Then occasionally something comes along that actually addresses the problem at the root, and the scene shifts. RSProt is one of those things, and it is worth understanding what it actually does and why people who care about server quality are paying attention to it.

 

What RSProt Actually Is

In plain terms, RSProt is a networking library for OldSchool RuneScape private servers. It handles the parts of a server that talk to the client. JS5 cache delivery, the login flow, the game packet pipeline, info packet building for players, NPCs, and world entities, all of it sits inside this one library.

That might sound mundane if you have not worked on a server. It is not. Networking code is where most of the worst performance problems live, where most of the security holes hide, and where every protocol change from Jagex creates pain. Having a single well maintained library that handles all of it correctly is a genuinely different situation from what most server bases have shipped historically, where networking code was scattered, patched, and rarely audited.

The library targets revisions 221 through 238, meaning it covers current and very recent OSRS protocol versions. That alone is a meaningful thing, because keeping up with Jagex protocol changes has always been one of the slower parts of private server development.

 

Why Networking Code Has Always Been the Sore Spot

For people who have not built a server, it is worth explaining why this part of the codebase matters so much.

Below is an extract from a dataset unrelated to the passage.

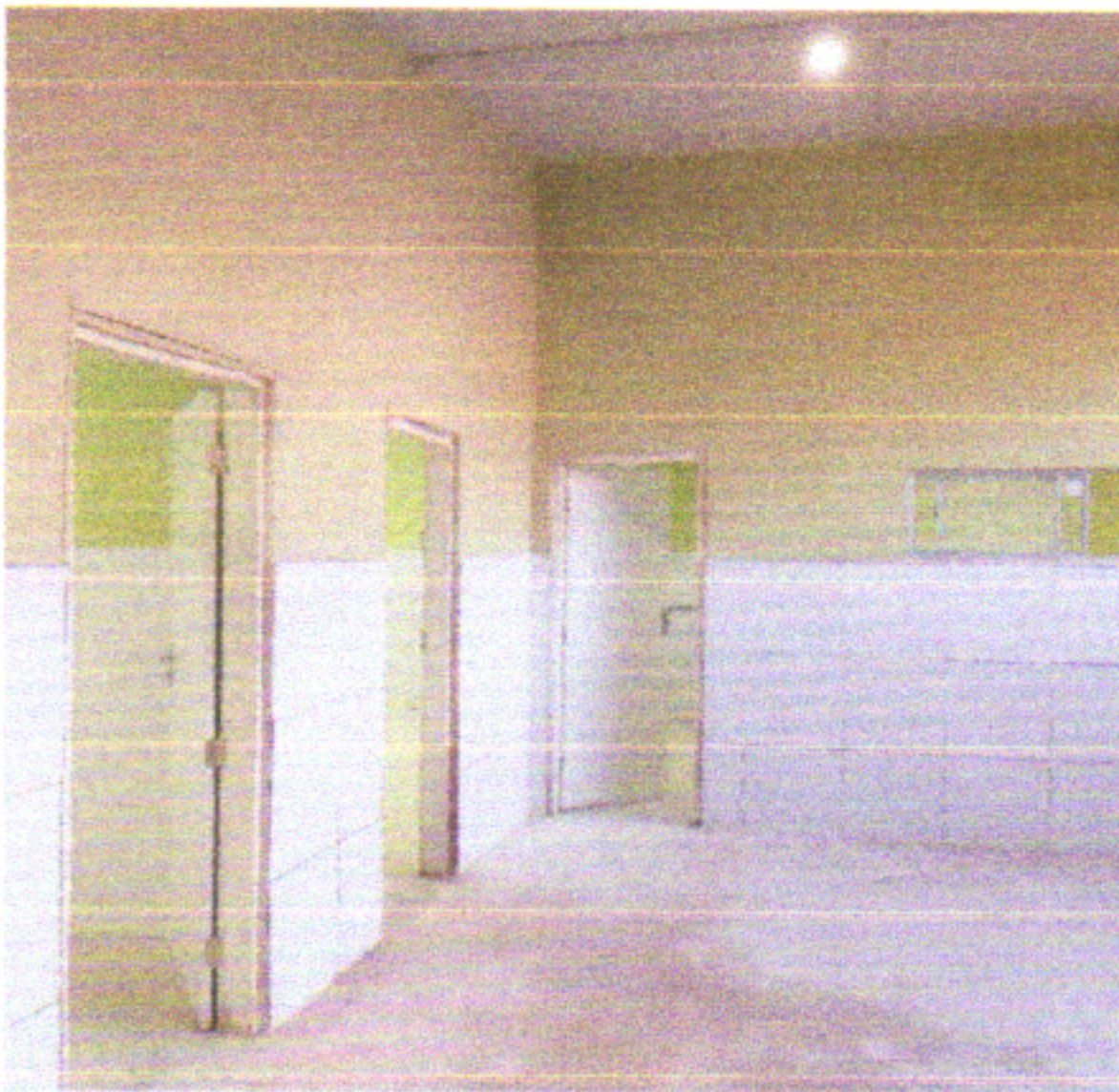
PINTURA DE PAREDES

The networking layer is the boundary between your server and an unknown number of untrusted clients. Every byte that enters your process from a player started life on someone else's machine. If your code trusts that data even a little too much, you have a problem. If your code is slow at processing that data, you have a different problem. If your code allocates memory inefficiently while processing that data, you have a third problem that only shows up under load when 800 players are online and the garbage collector starts dragging your tick rate down.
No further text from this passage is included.